On the bright side, we had a Watch Commander, Bryce, whose pet peeve was officers hanging their car keys from their gun belts. If you walked into the station with your keys in your belt, Bryce would grab the keys and throw them out the front door. I learned to take my keys out of my belt upon walking into the lobby. I only chased my keys out into the street once. I saw another officers keys grabbed from his belt, tossed to a citizen sitting in the lobby, who tossed them out the front door as directed by Bryce.

 

I showed up for work one night and passed Jane Fonda in the lobby. She is one of my least favorite people. She was advising some woman that she has rights and you don’t have to do what the police say. I would have liked to see her in the custody of the shore patrol.

 

In the old Hollywood station, you walked through the lobby to get to your police car after roll call. I remember one night as the line filed down the hallway toward the desk, some of the officers started turning around and back tracking. I wasn’t sure why until I reached the desk. There was a woman of suspicious reputation standing at the desk with officers. I guess some of the officers didn’t want to be seen by this women. Ha ha, I wasn’t afraid. 

 

Of course, there was Gracie Wilde, a homeless girl who lived in a doorway near the station. Gracie wasn’t a bad person, loved cops, and a few officers gave her money for food.
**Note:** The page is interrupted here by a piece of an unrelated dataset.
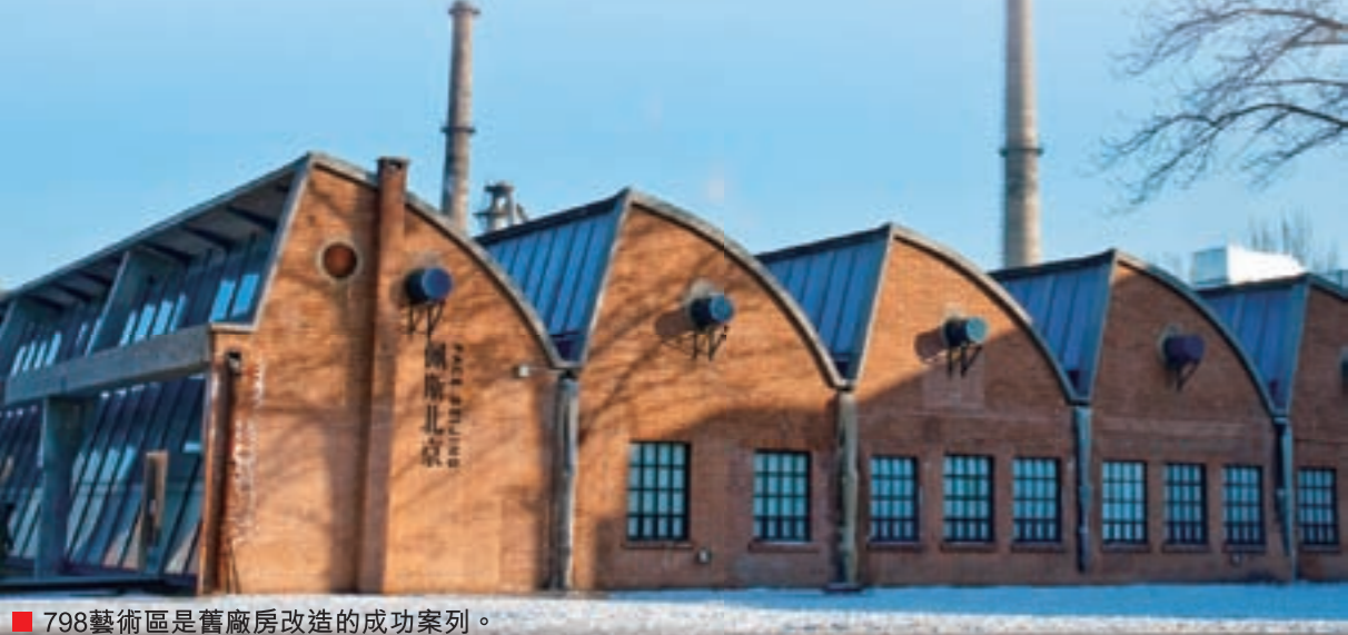
■798藝術區是舊廠房改造的成功案列。

Gracie just needed to take her medication regularly. Birdie was another woman who would come into the lobby and look for cans to recycle. She lived in a motor home on the corner. Some of the desk officers saved cans for her.

 

Drum majorThen there was Linda. Rumor said that Linda was a model and came from a rich family. Once a month she would get a check from a trust, clean up, buy some nice clothes, and then get drunk. Linda was an alcoholic and often slept in the lobby during the night. The first few days of the month, Linda looked normal. By the end of the month, Linda was dirty and obnoxious. Actually, Linda was usually obnoxious when drunk and the first thing the day watch desk officers did was throw Linda out. I remember one week, Linda was dressed in Band Majors uniform. 

 

Think policemen are heartless. I remember a young boy, about eight years old, racing into the station lobby, crying, that his new bicycle was just stolen by a bigger kid. After a search proved fruitless, the desk officers replaced the bike with the help of a local bicycle shop. 

 

I wonder what ever happened these characters. These people all existed and helped pass the time on the desk.